→ **About this task**: Output the entries below word for word, stopping once the line containing "About a month" is done, and omit each picture.

→ **Information given**:
== == ==
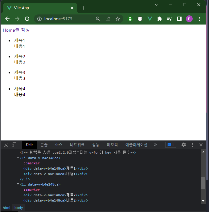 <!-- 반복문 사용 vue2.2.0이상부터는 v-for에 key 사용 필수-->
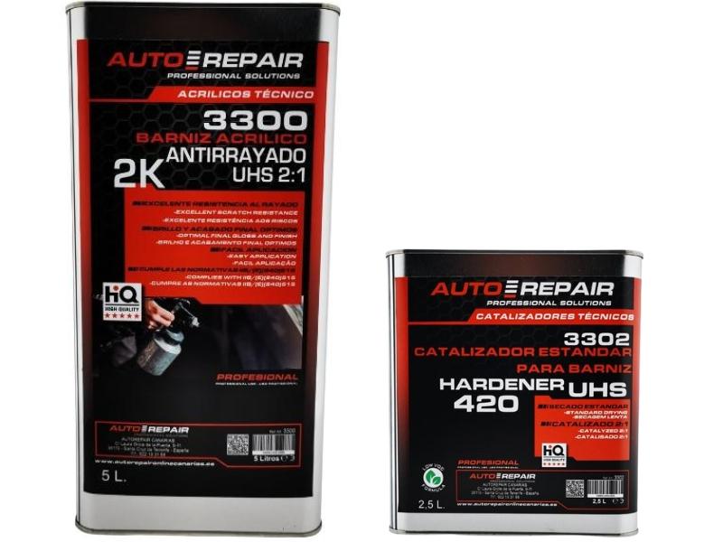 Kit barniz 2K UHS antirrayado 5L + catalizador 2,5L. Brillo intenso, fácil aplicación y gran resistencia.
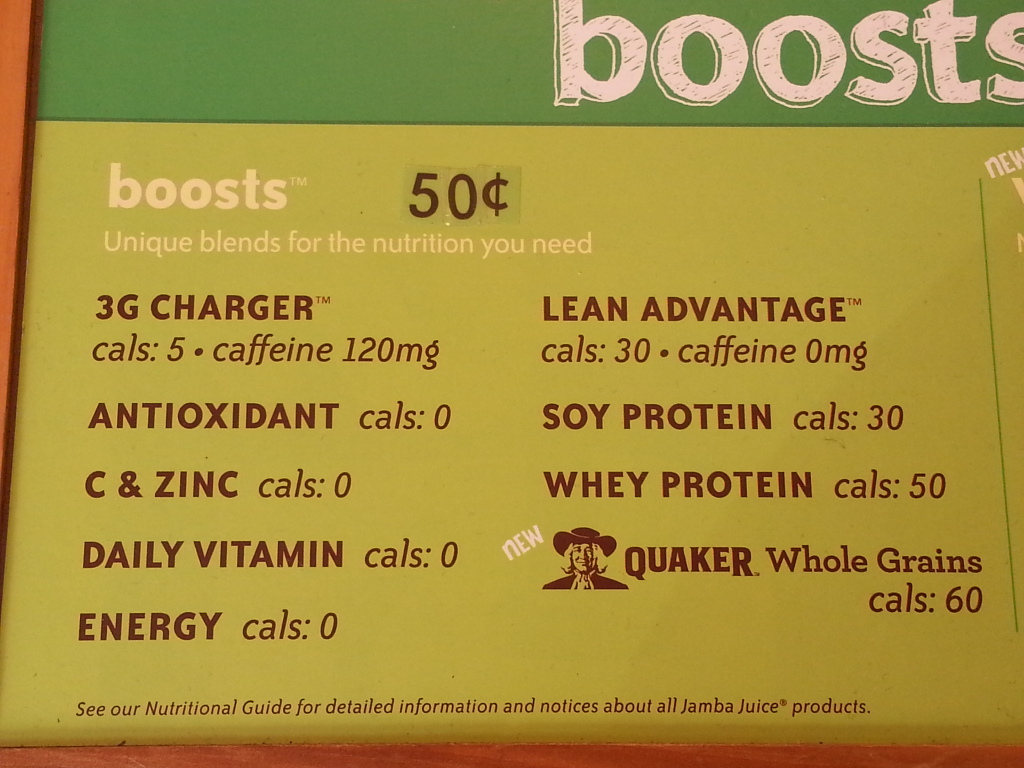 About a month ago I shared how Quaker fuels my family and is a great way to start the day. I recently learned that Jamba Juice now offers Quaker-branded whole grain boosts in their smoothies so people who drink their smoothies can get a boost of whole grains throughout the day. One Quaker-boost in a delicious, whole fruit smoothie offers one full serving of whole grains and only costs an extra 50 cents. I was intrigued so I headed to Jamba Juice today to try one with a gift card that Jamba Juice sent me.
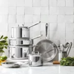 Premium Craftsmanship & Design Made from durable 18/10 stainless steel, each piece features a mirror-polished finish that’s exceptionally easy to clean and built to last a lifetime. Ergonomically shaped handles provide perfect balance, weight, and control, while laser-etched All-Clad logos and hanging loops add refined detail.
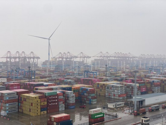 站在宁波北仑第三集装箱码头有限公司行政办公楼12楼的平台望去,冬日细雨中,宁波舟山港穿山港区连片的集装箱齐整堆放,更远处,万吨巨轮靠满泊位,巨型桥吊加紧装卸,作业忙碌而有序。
== == ==
→ **Your response**:
 <!-- 반복문 사용 vue2.2.0이상부터는 v-for에 key 사용 필수-->
 Kit barniz 2K UHS antirrayado 5L + catalizador 2,5L. Brillo intenso, fácil aplicación y gran resistencia.
 About a month ago I shared how Quaker fuels my family and is a great way to start the day. I recently learned that Jamba Juice now offers Quaker-branded whole grain boosts in their smoothies so people who drink their smoothies can get a boost of whole grains throughout the day. One Quaker-boost in a delicious, whole fruit smoothie offers one full serving of whole grains and only costs an extra 50 cents. I was intrigued so I headed to Jamba Juice today to try one with a gift card that Jamba Juice sent me.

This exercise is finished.